MEET also aimed to advance understanding of mitochondrial disease by training a new generation of young researchers. The training focused on helping to bridge the gap between basic and applied research in mitochondrial medicine.
Working with patients
MEET supported 11 PhD students and three postdoctoral researchers through the EU’s Marie SkÅ‚odowska-Curie funding programme. With the aim of developing a European community of mitochondrial researchers, each fellow was based at one of the nine academic and industrial partners and also participated in an extensive programme of training and secondments.
Alongside the scientific training, the fellows learned how to write proposals for EU funding, commercialise research innovations and communicate scientific information. The latter was especially important as building links between researchers and patients was central to the project.
“Usually the patient is considered as someone external to research activities,” says project manager Serena Paterlini, who also supervised MEET’s outreach work. “On the contrary, the MEET consortium wanted to put patients in the centre. We brought researchers out from their labs and put patients into the labs. For many of our fellows it was the first time they really had contact with someone suffering from the diseases they were researching.”

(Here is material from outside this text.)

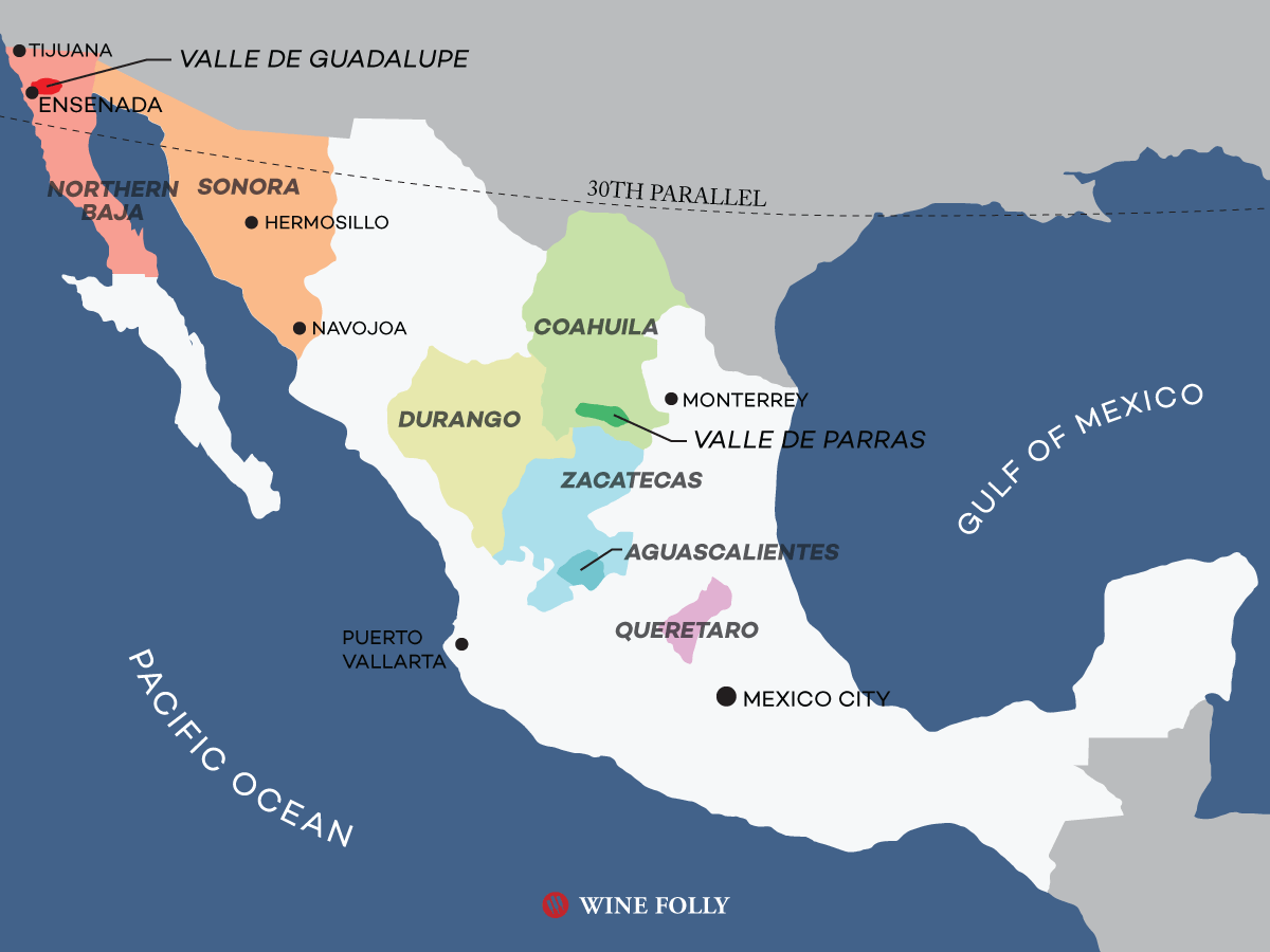 Coahuila is located to the east of Baja and Sonora, bordering Texas. Production areas include Arteaga, Saltillo, and Parras de la Fuente.

The project has produced videos some with a commentary in sign language and a colouring book to help children understand mitochondrial disease. Patients and their families were invited to suggest project activities through the MEET website. And on their own initiative, the research fellows raised over €3 000 for the International Mito-Patients (IMP) charity to help develop a standard therapy for muscular pain in mitochondrial disease.

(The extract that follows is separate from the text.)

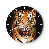 Ceas de perete - Ceas pe sticlă - Portretul unui tigru feroce cu o privire intensă - 30x30cm - Sălbăticia inimii - Decorațiune modernă pentru perete pentru living, bucătărie și dormitor ARTTOR

A diagnosis for better treatments
The MEET fellows now have the tools to build their own careers in academia or industry. “They know they had a great opportunity,” Paterlini says. “It was not a normal PhD programme but something extraordinary.”
Although the project has finished, the partners are seeking funds to continue the training. Unfortunately, says Gasparre, there is no specific programme to guarantee continuity for successful projects and the researchers that benefit from them.
“Four years may not be long enough to witness a young scientist blossom, and in the consortium’s opinion initiatives promoting continuity would be more than welcome,” he adds.